Da un decennio circa non visitiamo più la Biennale di Venezia. Non per pigrizia, ma per stanchezza. Non conosceremo quindi l’80% di presenze femminili scelte da Cecilia Alemani ( di New York ) per la 59° Esposizione ( aperta sino al 27 novembre, quando il fascino lagunare è al top ); si tratta di 1433 opere esposte, con un solo autore al “Padiglione Italia”, Gian Maria Tosatti. Titolo della mostra? Il latte dei sogni tratto dal libro della Carrington ( + 2011 ).
Si affida la città intera, per la prima volta, a un direttore donna e nessuno si scandalizza; solo qualche sommesso brontolìo maschile.
1950; avevamo diciannove anni, studiavamo Storia dell’arte con Anna Maria Brizio, eravamo a Venezia per visitare in Biennale un padiglione dopo l’altro, sempre più stupiti e straniti; un tramezzino e via. Cosa ricordiamo? Una gran confusione gratificata dall’incontro con Ingrid Bergman ( in abito di pizzo bianco ) e un meditabondo Roberto Rossellini. Il giorno dopo ci saremmo imbarcati per la Grecia alla ricerca delle radici dell’arte.
Nel 1972 collaboravamo con Borsa d’Arte; il direttore, Gilda Chepes, annuncia che dovevamo partire quasi in blocco poichè la nostra rivista dedicata all 36° Biennale sarebbe stata inviata a tutti i giornalisti accreditati: poco più di mille. Era l’anno del Butterfly project con diecimila farfalle che avrebbero dovuto levarsi in volo in piazza San Marco: un flop totale. Superato il rischio di crollare sotto una delle sculture imbullonate di Spagnulo, vorremmo scrivere di tutto e di tutti. Annota e cancella, consegnamo il pezzo alla scadenza estrema. Avevamo scelto le immagini di Mastroianni, Alik Cavaliere e Valeriano Trubbiani.
Da quell’anno abbiamo commentato la Biennale di Venezia sino al 2009 – con una sola interruzione – lavorando per nove testate.
Nel 1976 è ormai scoppiata la rivoluzione studentesca per cui leggiamo qua e là
escuela e patron misma repression !
Conosciamo le opere di Pollok, una giostra cromatica sulla tela, assistiamo al sogno mondiale di una patria libera . Il tema? L’ambiente per una mostra dislocata in otto spazi cittadini. Come oggi, sono circa 4000 le opere esposte.
1982: si aprono i Magazzini del Sale dall’affascinante architettura, si dedica a Luigi Carluccio – più che meritatamente – la Rassegna, non s’ammira la bellezza del segno di Egon Schiele ma ci si stupisce del “carattere pornografico” delle superbe opere esposte. Scegliamo di pubblicare solo la poetica Condizione delle cose di Yoshi Nitayama. Presenze torinesi? Beppe Devalle, con Gastini e Mainolfi.
Nel 1984 si aprono i saloni di palazzo Grassi e di palazzo Sagredo mentre il fiammeggiante arco scenico di Burri accoglie il visitatore.
La presenza di Peter Greenaway richiama un film splendido: I misteri dei giardini di Compton House. Nel padiglione inglese dominano le tele di Hodking rivolte al
silenzio, alla noia, alla pausa, al dolore, alla rabbia…

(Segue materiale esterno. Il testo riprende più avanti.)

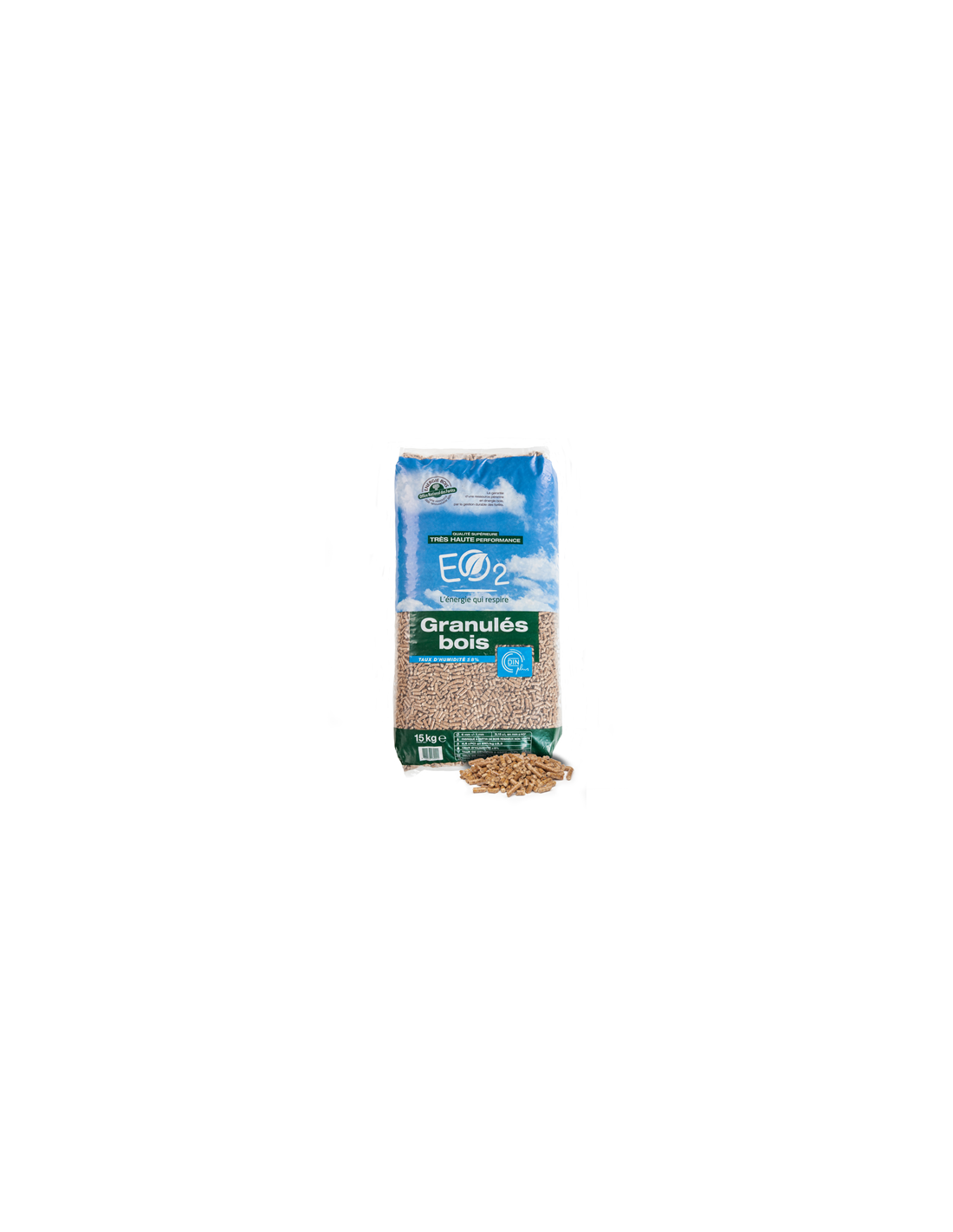Les granulés de bois EO2 certifiés DIN+ se différencient par leur régularité saison après saison, à un très haut niveau d’exigence. Le granulé bois EO2, est reconnu pour sa fiabilité et apporte une source de chaleur à haut pouvoir calorifique.

Rabbia di non avere trovato la Coscia di Giulio Cesare al Rubicone? A contrassegnare positivamente la Biennale è esposto il fregio di Gustav Klimt ispirato alla Nona sinfonia di Beethoven.

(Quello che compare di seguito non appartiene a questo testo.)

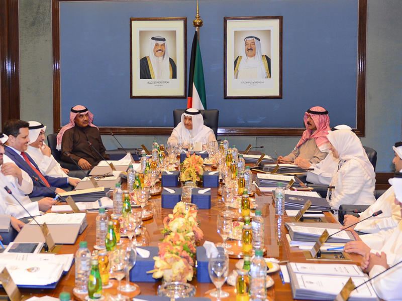 عقد مجلس الوزراء اجتماعه الأسبوعي بعد ظهر اليوم في قاعة مجلس الوزراء بقصر بيان برئاسة سمو الشيخ جابر المبارك الحمد الصباح رئيس مجلس الوزراء وبعد الاجتماع صرح وزير الدولة لشؤون مجلس الوزراء ووزير الإعلام بالوكالة الشيخ محمد عبد الله المبارك الصباح بما يلي : استهل مجلس الوزراء أعماله بالاطلاع على الرسالة التي تلقاها حضرة صاحب السمو الأمير حفظه الله ورعاه من فخامة الرئيس حسن روحاني رئيس الجمهورية الإسلامية الإيرانية والتي تعلقت بزيارة فخامته للبلاد مؤخرا.ثم اطلع مجلس الوزراء على الرسالة التي تلقاها حضرة صاحب السمو الأمير حفظه الله ورعاه من فخامة الرئيس فرانسوا هولاند رئيس الجمهورية الفرنسية والتي تضمنت تهنئة فخامته وتهاني الشعب الفرنسي بمناسبة العيد الوطني والتأكيد على حرص فخامته الشخصي على استمرارية الشراكة الاستراتيجية بين البلدين الصديقين الممتدة منذ ما يقارب الخمسين عاما والسعي لتعزيز أطر التعاون المشترك بينهما في مختلف المجالات والإشادة بدور دولة الكويت في أمن واستقرار المنطقة .هذا وقد أبن مجلس الوزراء المغفور له باذن الله تعالى الفريق محمد عبد العزيز البدر الذي انتقل إلى جوار ربه يوم الجمعة الماضي وفي هذا الصدد فان المجلس يستذكر بكل التقدير جهود الفقيد المخلصة وبصماته الوطنية في خدمة الوطن بمختلف المواقع والتضحيات الكبيرة التي قدمها للوطن العزيز ودوره المشهود في مقاومه الاحتلال العراقي البغيض منوها بما عرف عن الفقيد طيلة خدمته من التزام وانضباط جاد وحرص على تطبيق القانون دون تفرقة ولا سيما في مواجهة التعديات على أملاك الدولة ومظاهر مخالفة القانون سائلا المولى القدير أن يتغمد الفقيد بواسع رحمته ومغفرته ويسكنه فسيح جناته .

Sei le presenze piemontesi: Parmeggiani, Paolini, Pistoletto, Fabro, Salvo, Dragomirescu, oggi titolare in Accademia.
APERTO 90. Superato il 1988 con una Biennale così dolcemente non impegnativa ( Neue Zurcher Zeitung ), che Giovanni Testori così commenta sulle colonne de “Il Corriere della sera”: “Talvolta la bruttezza e l’orrendità indurrebbero a fuggire via”!
Eccoci alla 44° Esposizione di Arti Visive con l’immagine dell’onorevole Cicciolina ( scultura che brutta era e brutta resta ) e altrove il ribadito consiglio di
Usare il preservativo … o battersela,
per giungere al vincitore della sezione Giovani, lo scultore Pulvirenti e alla spettacolare malinconia del padiglione polacco con “scarpe abbandonate, stivali, arredi distrutti, fucili e corpi inanimi”. Ma nel padiglione USA trasformato in lapidario leggiamo:
Los ninos son la esperanza del futur
Accanto, una scia di sangue.
Primeggiano il Sole nero del torinese Mainolfi e le luci di Pl. Perrin.